Transparente. Il faut croire que je l'étais et que je le suis encore.

J'ai rencontré aujourd'hui des personnes avec qui j'avais fait une visite, plutôt sympathique, dans un groupe d'une vingtaine de personnes, il y a huit jours. Je ne suis pas du tout physionomiste mais quelque chose m'alerte à la vue de l'une d'elle. Et lorsqu'elle parle, mais oui, mon oreille est plus sûre que ma vue bien que...  bien sûr... nous avions passé une journée ensemble , une journée très agréable. 

- Ah bon, non je ne me souviens plus.

La plus jeune affirme:

- Oui, oui. Je crois  me souvenir.

Et là je convoque Aubain  et son aide bienveillante.

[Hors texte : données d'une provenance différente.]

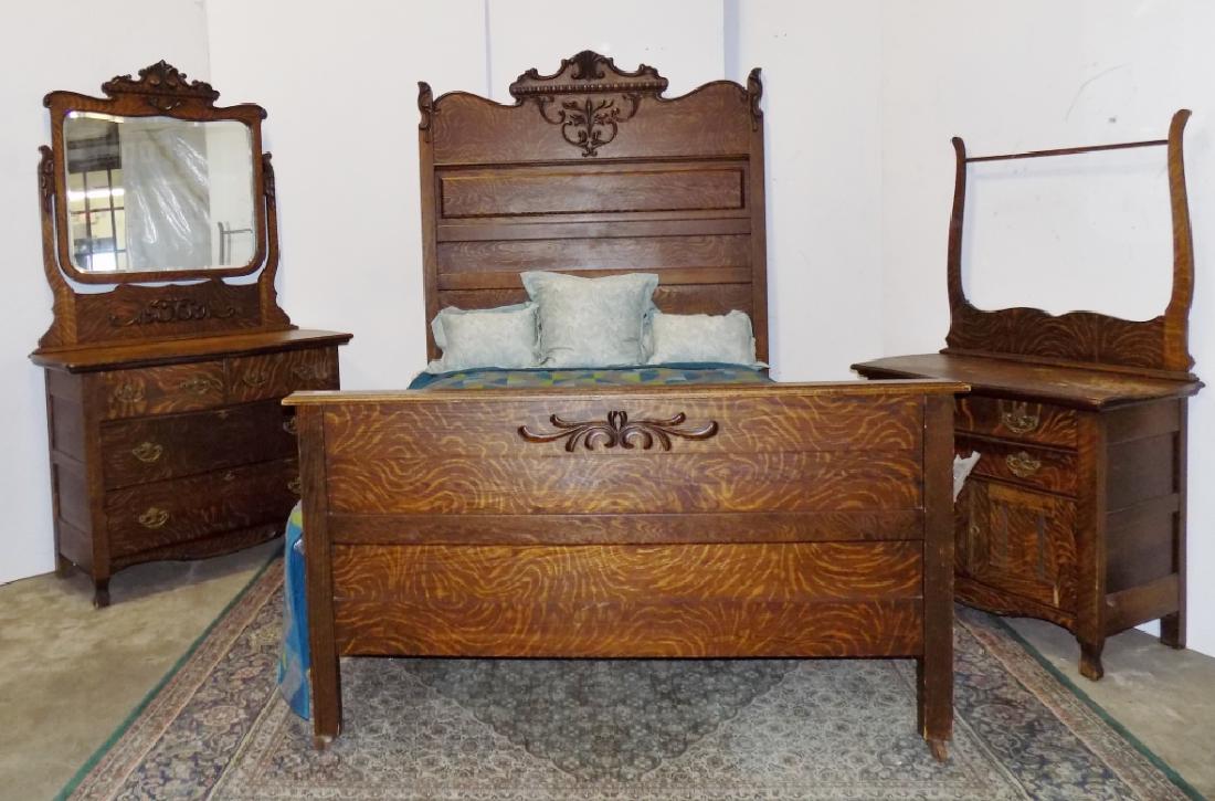 SoldAmerican Oak Bedroom Set - Bed, Dresser, WashstandAmerican Oak Bedroom Set - Bed, Dresser, Washstand - Dresser is 83 in tall x 46 x 21See Sold Price

- Aubain tu sais, c'est comme elle me disait toujours.

- Toi je t'oublie toujours.

La première transparence, c'est celle d'une vitre: je suis enfant assise assez haut pour regarder par la  fenêtre de notre 4ème étage. La fenêtre est fermée. En face une petite fille sans doute de mon âge, 2 ou 3 ans, agite une poupée. Nous ne pouvons pas nous entendre, nous ne pouvons pas nous parler. J'ai cette image en noir et blanc, elle me poursuit. L'ai-je inventée? L'ai-je vue quelque part et a-t-elle alors incarné un sentiment d'isolement si fort que je l'ai faite mienne?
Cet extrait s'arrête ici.